Given this dataset, we might want to ask how many pets have the same name. What is the most popular name?
Try mapping another variable to fill
(try both weight
and animal
). Are the results what you expected?
ggplot(data = pets, mapping = aes(x=name)) + geom_bar()
Faceting
Say you have another factor
variable and you want to stratify the plots based on that. You can do that by supplying the name of that variable as a facet. Here, we facet our barplot by shotsCurrent
.
ggplot(data = pets, mapping = aes(x = name)) + geom_bar() +
## have to specify facets using notation
## try out facets=~ageCategory!
facet_wrap(facets = ~shotsCurrent) +
## we make the x axis x angled for better legibility
theme(axis.text.x = element_text(angle = 45))
You might notice that there are blank spots for the categories in each facet. We can restrict the factors in each by using scale="free_x"
argument in facet_wrap()
.
How many animals named “Morris” did not receive shots?

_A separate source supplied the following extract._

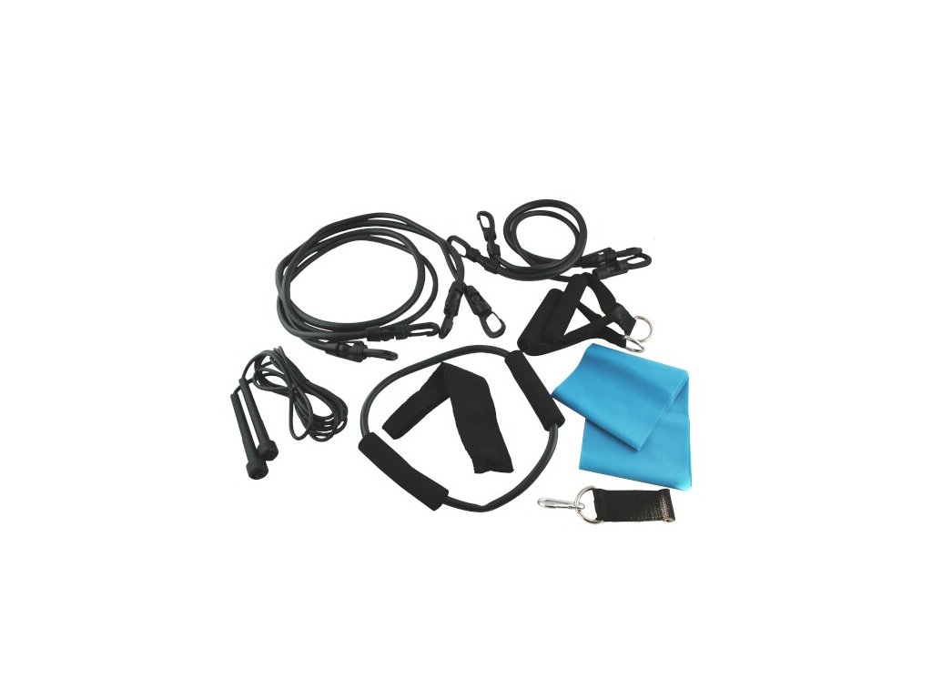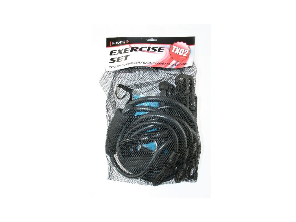 TX02 Sada sa skladá zo 4 - odporové gumy, 1 - elastický pás, 1 - upevňovací pás, 2 - rukoväte 1 - upevnenie k členku, 1 - upevnenie na dvere, švihadlo. Každá dvojica gúm má inú tuhosť, ktorá vám umožní vybrať rôzne úrovne intenzity cvičenia. Na každej z gúm môže byť rukoväť, čo umožňuje realizáciu komplexného tréningu všetkých svalových skupín.
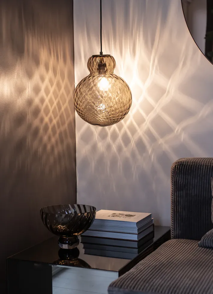 Den dekorative og moderne form kombineret med vores mundblæste unikke mønstrer, skaber en luksuriøs og spændende lampeløsning.

What happens when you replace the scale
argument with “free_y”?
ggplot(pets, aes(x = name)) + geom_bar() +
facet_wrap(facets = ~shotsCurrent, scale = "free_x") +
theme(axis.text.x = element_text(angle = 45))
Stacked Bars
Let’s see how many of each animal got shots. We can do this by mapping shotsCurrent
to fill
.
#we map color (the outline of the plot) to black to make it look prettier
ggplot(pets, aes(x = animal, fill = shotsCurrent)) +
geom_bar(color = "black")
Proportional Barchart
We may only be interested in the relative proportions between the different categories. Visualizing this is useful for various 2 x 2 tests on proportions.

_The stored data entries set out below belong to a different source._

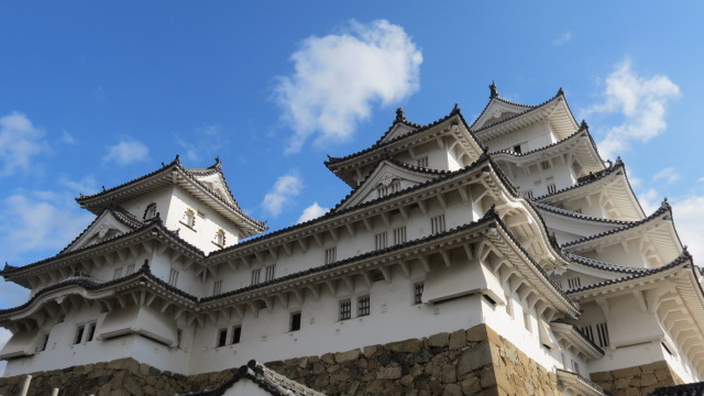 Construit à l'origine au 14e siècle puis reconstruit au 17e siècle, le château de Himeji est non seulement splendide, mais aussi un rare exemple de château d'origine au Japon. C'est à ce titre qu'il a été classé au patrimoine mondial de l'Unesco. L'ensemble composé du donjon principal à cinq niveaux et de trois donjons plus petits présente une ligne magnifique et s'apprécie tant d'un point de vue esthétique que d'un point de vue architectural.
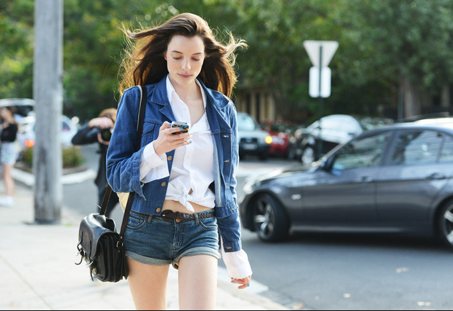 下面这一身就是完全的是基础款啊~ 基础款的白衬衫、基础款的牛仔短裤 牛仔外套~~ 但是潮爆!
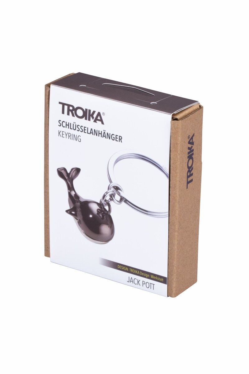 Det er svært at undslippe charmen fra det store havpattedyr. Når JACK POTT hænger på en nøglering, ved du med det samme, hvorfor alle smiler. Fremstillet af støbt metal i bronze og sølv.

What percent of dogs did not receive shots?
ggplot(pets, aes(x = animal, fill = shotsCurrent)) +
geom_bar(position = "fill", color = "black")
Dodge those bars!
Instead of stacking, we can also dodge the bars (move the bars so they’re beside each other).
ggplot(pets, aes(x = animal, fill = shotsCurrent)) +
geom_bar(position = "dodge", color = "black")
Your Task: Bar Charts
Given the pets
data.frame
, plot a stacked proportional barchart that shows the age category counts by animal type. Is the proportion of animals receiving shots the same across each age category?
Hints: think about what to map to x
, and what to map to fill
.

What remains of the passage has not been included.